EXERCISE
The reply should hold only the lines from the one with "素材を楽しむほたるいかの一夜" to the one with "замок фиксации столешницы.", both ends kept, exactly as they appear below, without any pictures.

SUPPLIED INFORMATION
= = = =
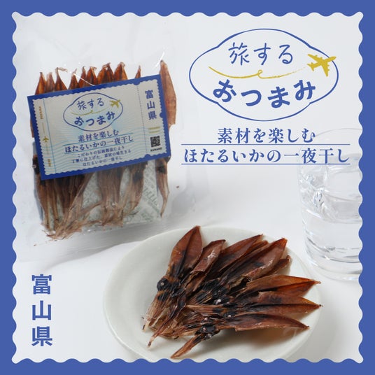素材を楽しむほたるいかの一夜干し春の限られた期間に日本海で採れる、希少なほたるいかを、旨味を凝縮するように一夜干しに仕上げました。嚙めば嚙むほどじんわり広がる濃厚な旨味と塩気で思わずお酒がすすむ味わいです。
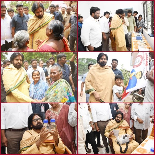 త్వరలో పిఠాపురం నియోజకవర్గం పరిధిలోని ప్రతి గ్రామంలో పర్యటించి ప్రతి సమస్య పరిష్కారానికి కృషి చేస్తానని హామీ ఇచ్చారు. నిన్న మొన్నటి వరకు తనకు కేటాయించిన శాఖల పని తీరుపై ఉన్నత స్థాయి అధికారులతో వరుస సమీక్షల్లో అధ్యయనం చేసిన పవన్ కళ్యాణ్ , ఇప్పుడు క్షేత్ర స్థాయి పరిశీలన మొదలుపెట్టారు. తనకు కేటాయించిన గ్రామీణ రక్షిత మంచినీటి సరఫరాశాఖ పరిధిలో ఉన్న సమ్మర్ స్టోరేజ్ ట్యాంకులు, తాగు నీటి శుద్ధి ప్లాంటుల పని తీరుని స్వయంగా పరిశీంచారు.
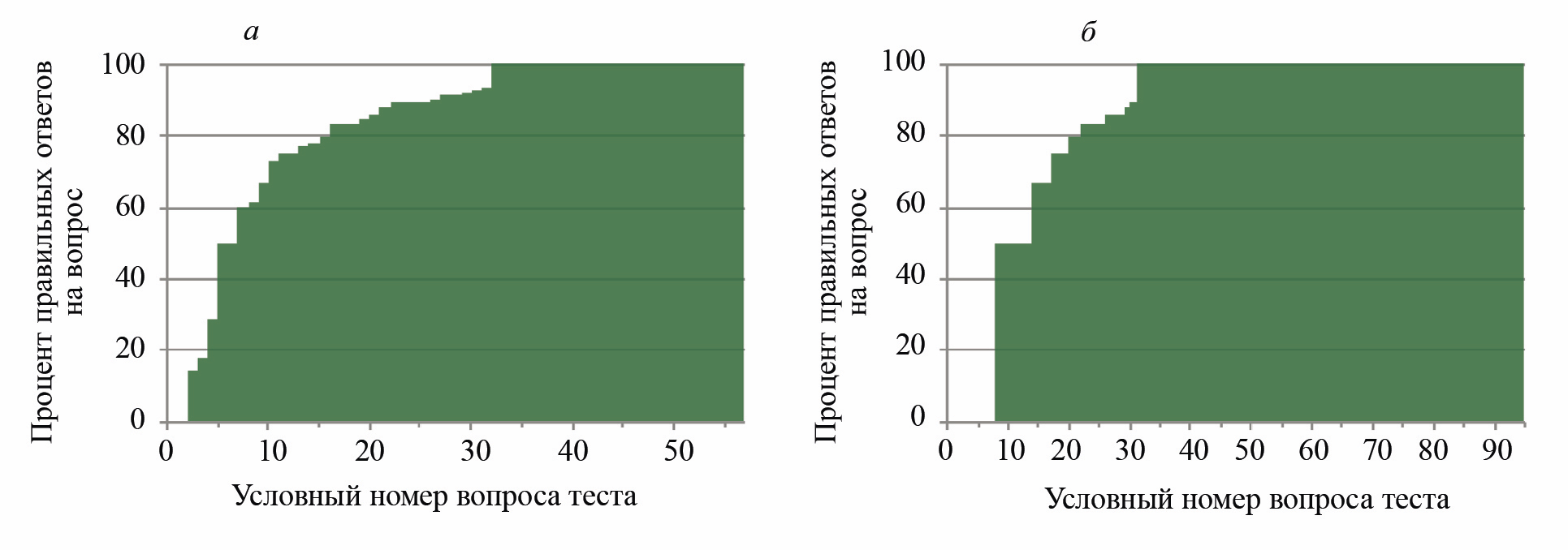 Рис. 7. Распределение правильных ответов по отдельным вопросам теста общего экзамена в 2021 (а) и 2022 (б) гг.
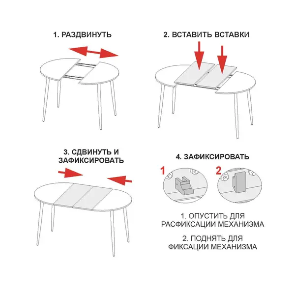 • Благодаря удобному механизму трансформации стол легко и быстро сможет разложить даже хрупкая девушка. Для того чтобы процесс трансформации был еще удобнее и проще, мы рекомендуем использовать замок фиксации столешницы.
= = = =
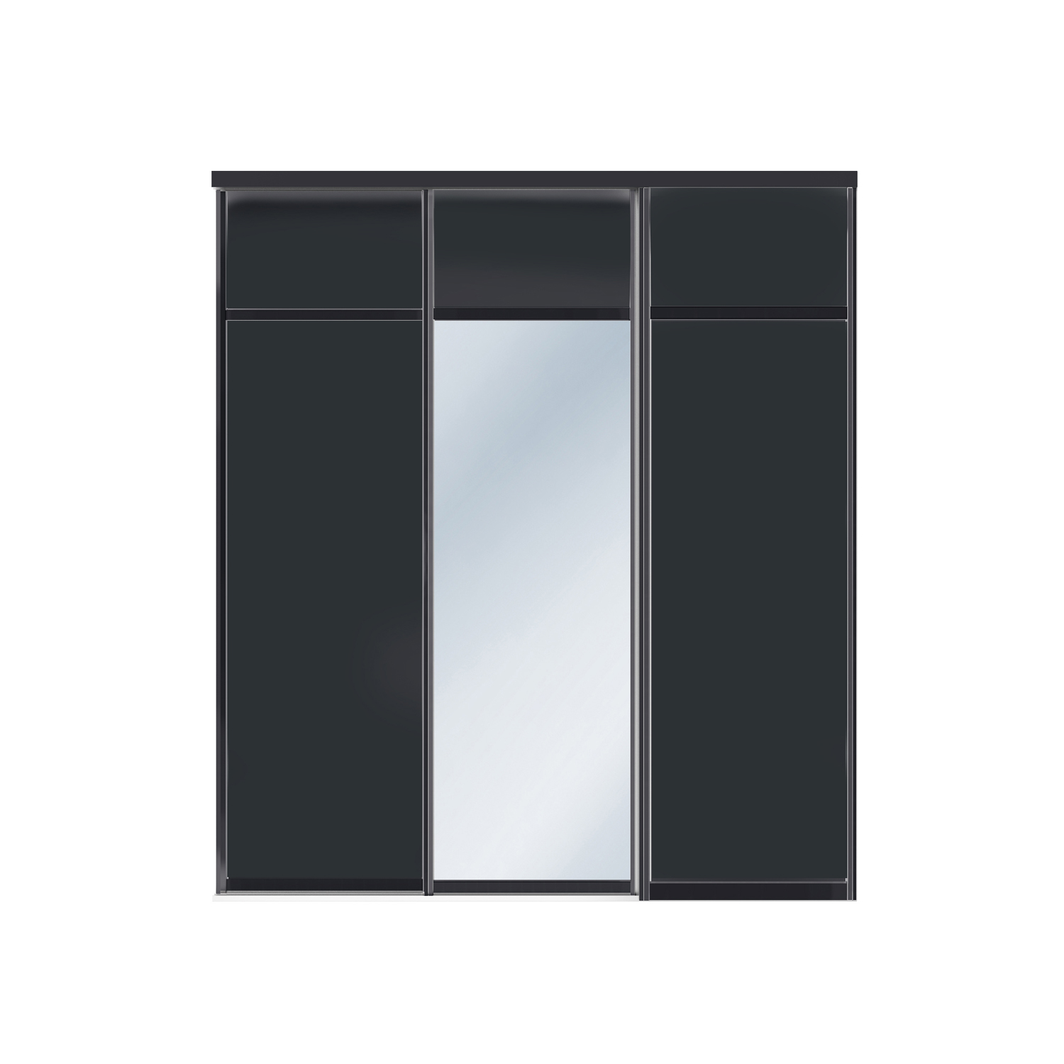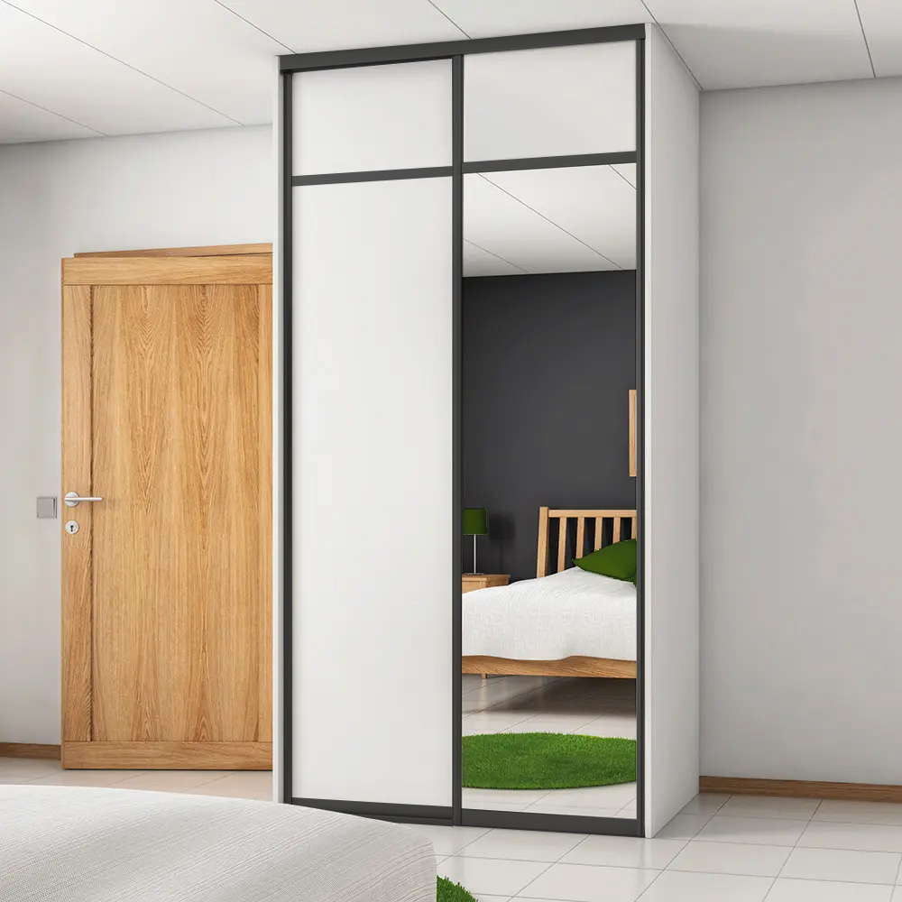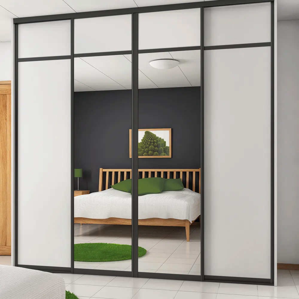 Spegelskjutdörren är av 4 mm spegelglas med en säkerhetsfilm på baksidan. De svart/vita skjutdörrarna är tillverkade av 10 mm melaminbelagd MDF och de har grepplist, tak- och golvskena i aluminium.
= = = =
OUTPUT
素材を楽しむほたるいかの一夜干し春の限られた期間に日本海で採れる、希少なほたるいかを、旨味を凝縮するように一夜干しに仕上げました。嚙めば嚙むほどじんわり広がる濃厚な旨味と塩気で思わずお酒がすすむ味わいです。
 త్వరలో పిఠాపురం నియోజకవర్గం పరిధిలోని ప్రతి గ్రామంలో పర్యటించి ప్రతి సమస్య పరిష్కారానికి కృషి చేస్తానని హామీ ఇచ్చారు. నిన్న మొన్నటి వరకు తనకు కేటాయించిన శాఖల పని తీరుపై ఉన్నత స్థాయి అధికారులతో వరుస సమీక్షల్లో అధ్యయనం చేసిన పవన్ కళ్యాణ్ , ఇప్పుడు క్షేత్ర స్థాయి పరిశీలన మొదలుపెట్టారు. తనకు కేటాయించిన గ్రామీణ రక్షిత మంచినీటి సరఫరాశాఖ పరిధిలో ఉన్న సమ్మర్ స్టోరేజ్ ట్యాంకులు, తాగు నీటి శుద్ధి ప్లాంటుల పని తీరుని స్వయంగా పరిశీంచారు.
 Рис. 7. Распределение правильных ответов по отдельным вопросам теста общего экзамена в 2021 (а) и 2022 (б) гг.
 • Благодаря удобному механизму трансформации стол легко и быстро сможет разложить даже хрупкая девушка. Для того чтобы процесс трансформации был еще удобнее и проще, мы рекомендуем использовать замок фиксации столешницы.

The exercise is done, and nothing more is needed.